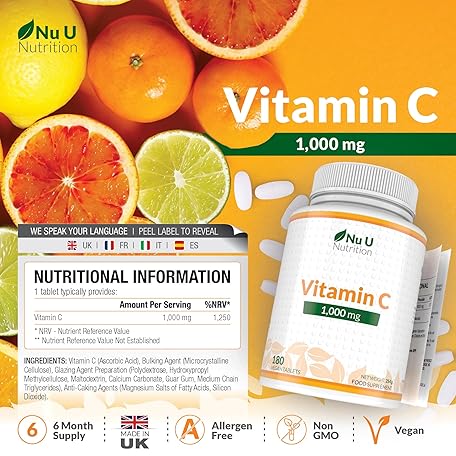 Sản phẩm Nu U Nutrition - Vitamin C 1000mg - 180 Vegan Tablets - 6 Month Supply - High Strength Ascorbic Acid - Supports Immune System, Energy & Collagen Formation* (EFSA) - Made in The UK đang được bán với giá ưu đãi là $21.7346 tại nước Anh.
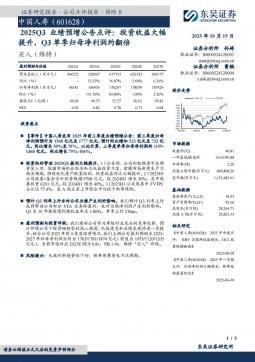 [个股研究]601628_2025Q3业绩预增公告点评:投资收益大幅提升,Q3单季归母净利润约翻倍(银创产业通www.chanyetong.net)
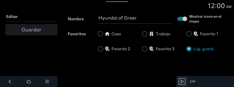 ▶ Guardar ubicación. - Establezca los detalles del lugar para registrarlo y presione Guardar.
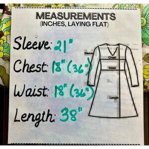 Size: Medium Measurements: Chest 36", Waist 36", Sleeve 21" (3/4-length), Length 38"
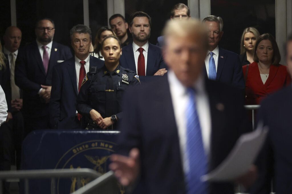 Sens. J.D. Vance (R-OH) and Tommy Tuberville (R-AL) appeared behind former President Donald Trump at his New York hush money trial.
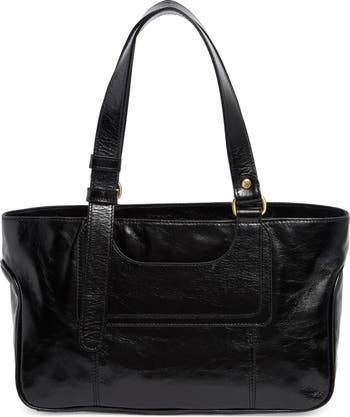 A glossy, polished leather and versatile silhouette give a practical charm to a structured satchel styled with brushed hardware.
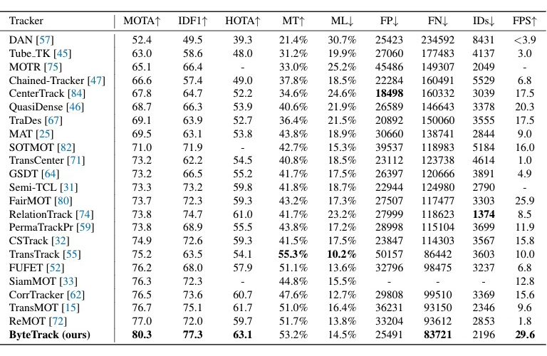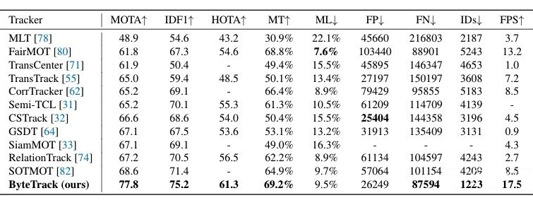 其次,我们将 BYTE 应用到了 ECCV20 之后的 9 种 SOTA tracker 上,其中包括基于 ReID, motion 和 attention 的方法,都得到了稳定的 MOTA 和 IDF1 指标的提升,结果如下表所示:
------------------------------------------------------------
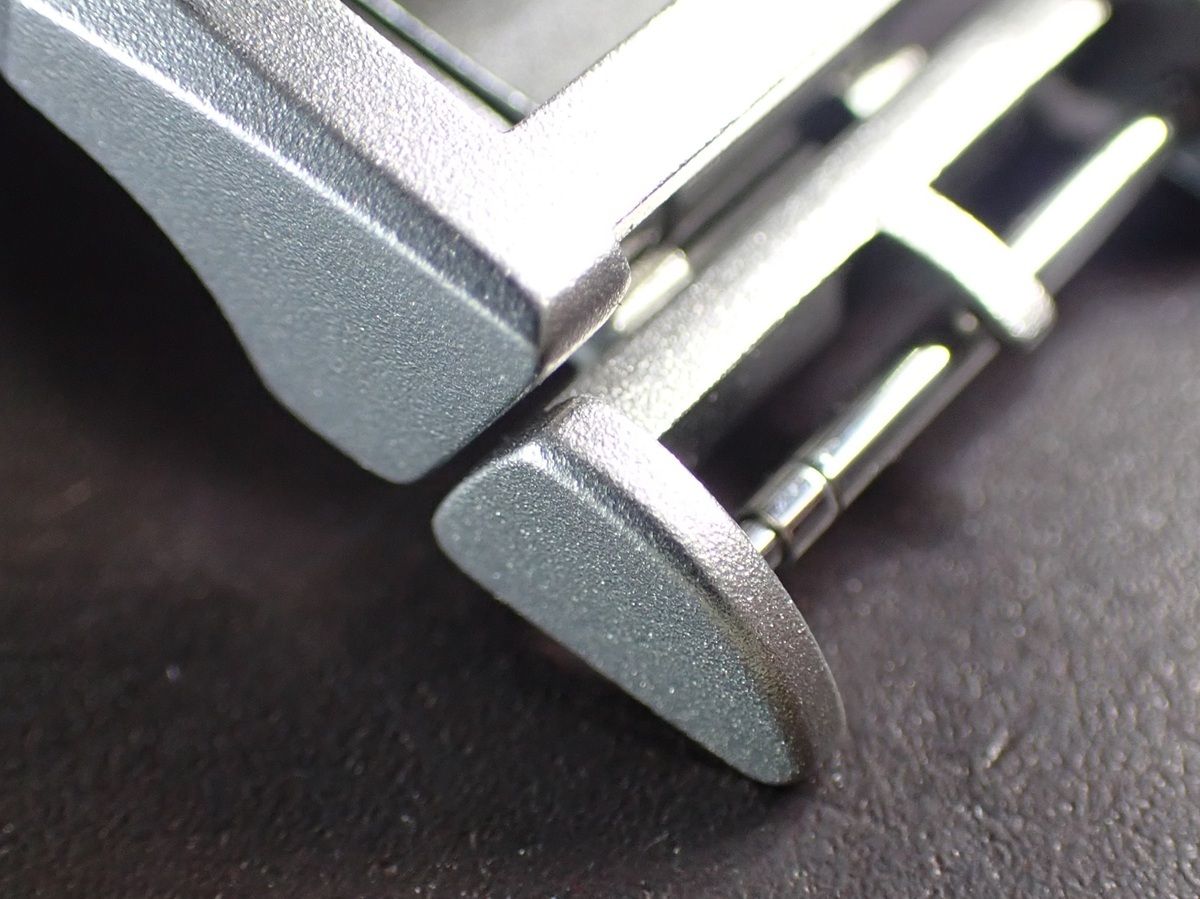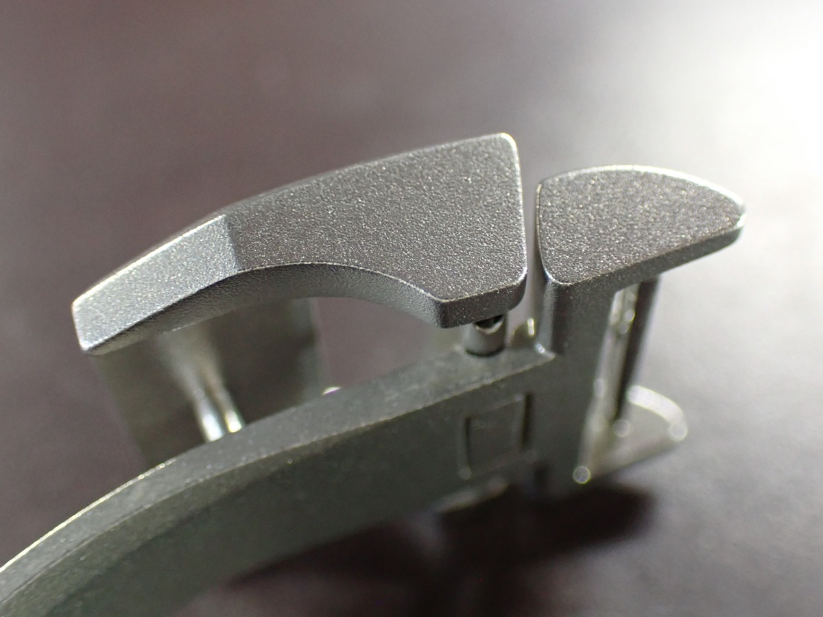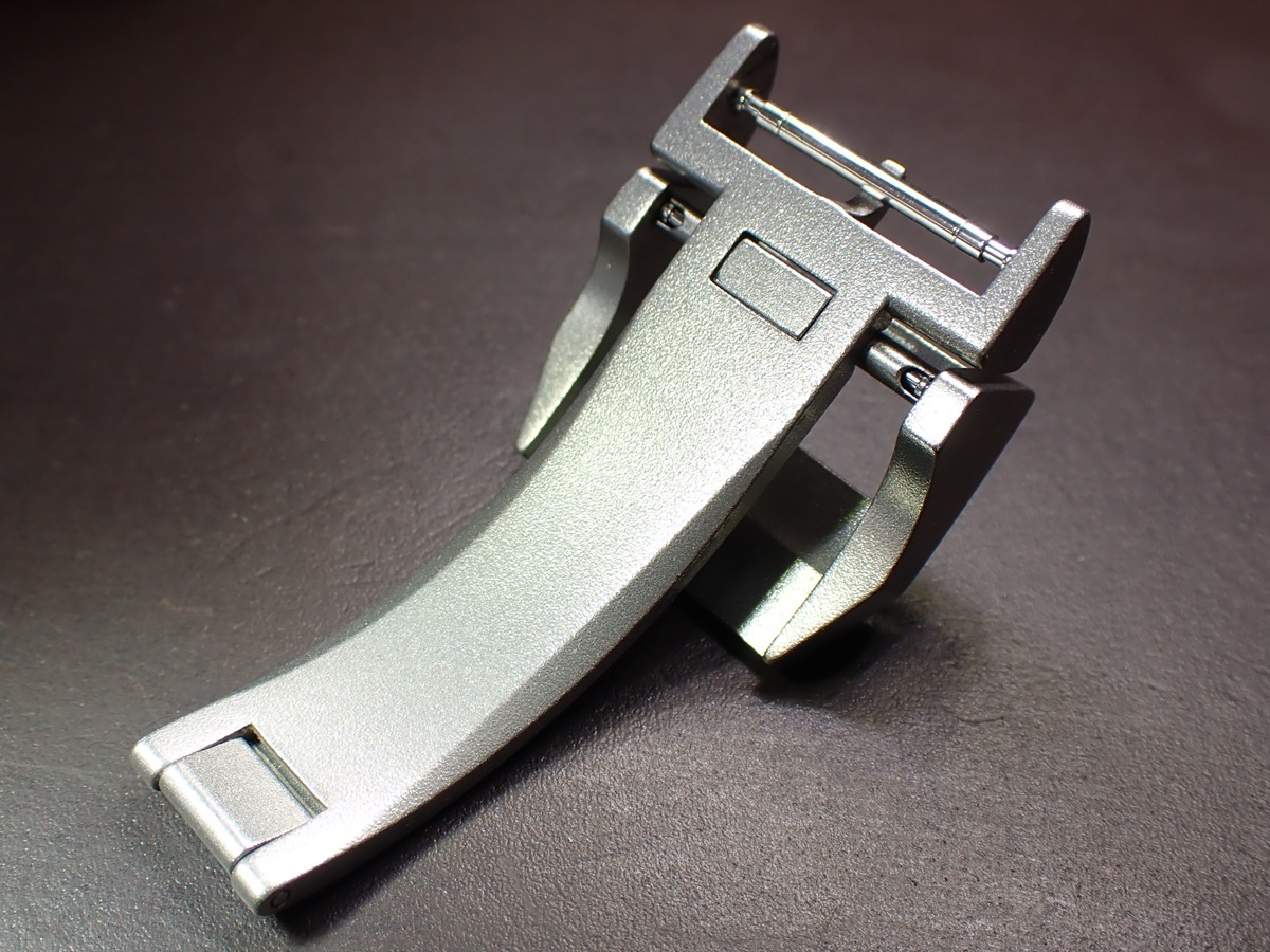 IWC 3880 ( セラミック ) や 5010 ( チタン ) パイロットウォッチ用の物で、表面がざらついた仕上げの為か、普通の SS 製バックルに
------------------------------------------------------------
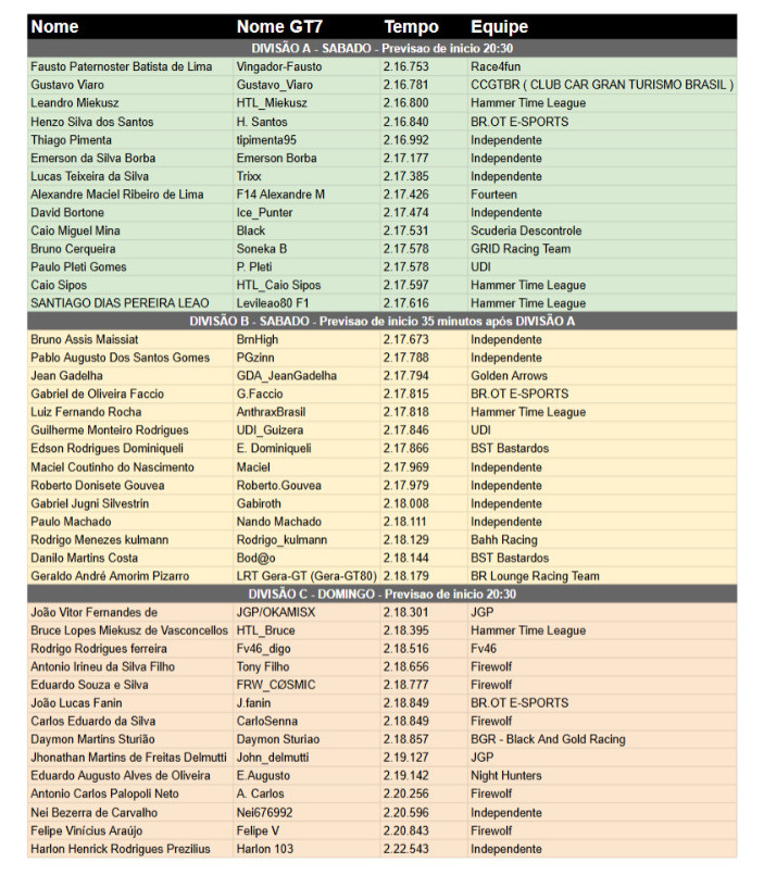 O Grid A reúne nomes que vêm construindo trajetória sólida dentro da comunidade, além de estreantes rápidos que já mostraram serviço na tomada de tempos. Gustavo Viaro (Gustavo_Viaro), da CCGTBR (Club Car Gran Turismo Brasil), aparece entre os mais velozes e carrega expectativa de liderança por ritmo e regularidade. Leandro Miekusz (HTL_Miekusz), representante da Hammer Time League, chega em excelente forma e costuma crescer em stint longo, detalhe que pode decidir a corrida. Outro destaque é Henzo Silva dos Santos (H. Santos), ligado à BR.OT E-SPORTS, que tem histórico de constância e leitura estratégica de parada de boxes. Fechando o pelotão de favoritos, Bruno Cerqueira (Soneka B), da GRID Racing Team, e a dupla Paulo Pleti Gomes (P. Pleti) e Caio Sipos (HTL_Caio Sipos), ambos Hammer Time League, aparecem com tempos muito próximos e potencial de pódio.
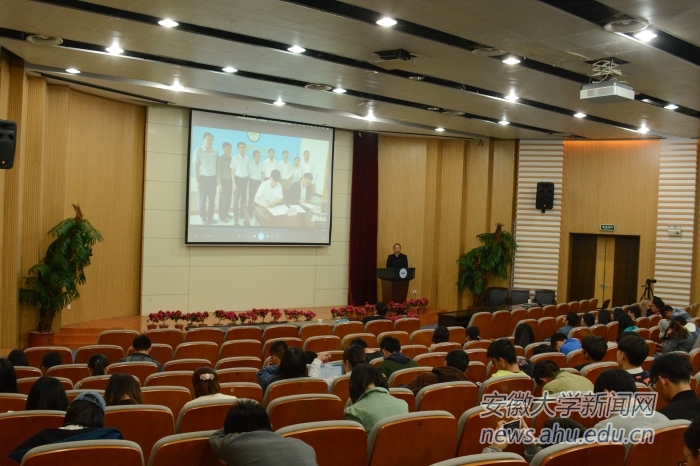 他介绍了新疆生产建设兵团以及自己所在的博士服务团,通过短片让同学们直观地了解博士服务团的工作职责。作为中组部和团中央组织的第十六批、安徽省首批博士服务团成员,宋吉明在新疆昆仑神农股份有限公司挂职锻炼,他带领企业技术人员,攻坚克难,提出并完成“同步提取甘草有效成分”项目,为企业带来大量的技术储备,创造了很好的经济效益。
------------------------------------------------------------
■ What to work on
In the listing above, find the line with "Sản phẩm Nu" and output every line through the one with "[个股研究]601628_2", exactly, without the pictures.

■ Answer below
 Sản phẩm Nu U Nutrition - Vitamin C 1000mg - 180 Vegan Tablets - 6 Month Supply - High Strength Ascorbic Acid - Supports Immune System, Energy & Collagen Formation* (EFSA) - Made in The UK đang được bán với giá ưu đãi là $21.7346 tại nước Anh.
 [个股研究]601628_2025Q3业绩预增公告点评:投资收益大幅提升,Q3单季归母净利润约翻倍(银创产业通www.chanyetong.net)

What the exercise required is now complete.